EP2085504A1

EP2085504A1 - Suction apparatus for transferring a nonwoven web

Info

Publication number: EP2085504A1
Application number: EP08002004A
Authority: EP
Inventors: Galliano Boscolo
Original assignee: Albis SpA
Current assignee: Albis SpA
Priority date: 2008-02-04
Filing date: 2008-02-04
Publication date: 2009-08-05
Anticipated expiration: 2028-02-04
Also published as: EP2085504B1; DK2085504T3; DE602008004077D1; ATE492667T1; PL2085504T3

Abstract

The apparatus (3) is used for transferring a nonwoven web (W) between an upstream unit (1), such as for example a conveyor belt, and a downstream unit (2) , such as for example a thermal bonding unit. The apparatus comprises a rotating and air permeable cylinder (30), and air suction means (31) for creating a suction force through the cylinder in order to make a nonwowen web adhere against the surface of a first portion (P1) of the cylinder.

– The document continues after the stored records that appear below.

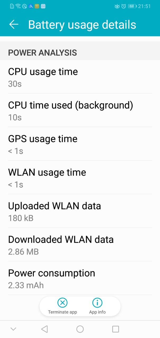 On Redmi 9A android 10, when the app is switched to the background or manually close or removed from the recent list, it is detected in the battery interface that the power consumption is still increased. It consumption about 80mAh in an hour when the app in background or manually close or removed from the recent list. power consumption data --- pic 003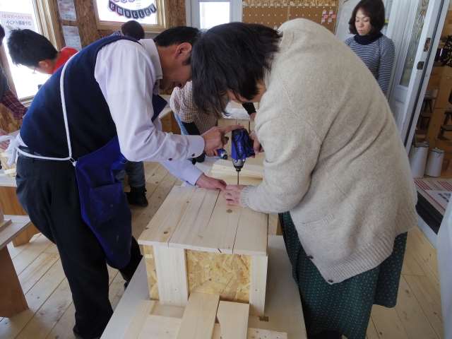 今回も若松講師の元、「収納ベンチ作成」に挑戦しました。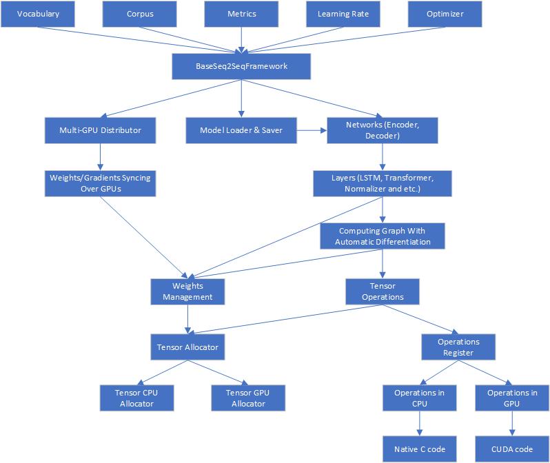 - Implement forward part only for your network and the BaseSeq2SeqFramework will handle all other things, such as backward propagation, parameters updates, memory management, computing graph managment, corpus shuffle & batching, saving/loading for model, logging & monitoring, checkpoints and so on. Here is an example in AttentionSeq2Seq.cs as well.

The air suction means (31) further comprise a stationary internal channel (310) that is mounted inside the cylinder (30) and extends between the said first portion (P1) and a second portion (P2) of the cylinder, and a suction hood (311) that is mounted outside the cylinder (30) and in the vicinity of the said second portion (P2).

Description

Technical field

The invention relates to a suction apparatus for transferring a nonwoven web between an upstream device and a downstream device. The invention is particularly, but not exclusively, applicable for taking off and transferring a nonwoven web from a conveyor belt to a downstream unit, such as for example a bonding unit.

Prior art

Nonwoven web

As used therein, the wording "nonwoven web" refers to any fibres and/or filaments web manufactured in the nonwoven industry, independently of the method of manufacturing said web and of the fibres or filaments type. The web can be a monolayer web or a multilayer web made from several layers of fibres or filaments. In particular, the nonwoven web can be made of one or more layers selected form the group: carded nonwoven layer, spunbonded nonwoven layer, meltblown nonwoven layer, air-laid nonwoven layer. One layer of the web can be also an absorbent layer made from a fibre material generally referred as "pulp", and made of or containing fibres from natural sources such as woody and non-woody plants. Woody plants include, for example, deciduous and coniferous trees. Non-woody plants include, for example, cotton, flax, esparto grass, milkweed, straw, jute hemp, and bagasse. In case of a multilayer web, all the layers can be of the same type, or the nonwoven can be composite, that is to say made of several layers of different types such as for example a CMC nonwoven web (Carded layer / Meltblown layer / Carded layer), a SMS nonwoven web (Spunbonded layer / Meltblown layer / Spunbonded layer), a SPC nonwoven web (Spunbonded layer / Pulp layer / Carded layer), ...
A nonwoven web generally undergoes one or more consolidation steps such as for example by thermal bonding, hydroentangling, needle bonding, chemical bonding, ultrasonic bonding. As used therein the wording "nonwoven web" refers generally either to a non-consolidated web or to a consolidated web (i.e. after bonding).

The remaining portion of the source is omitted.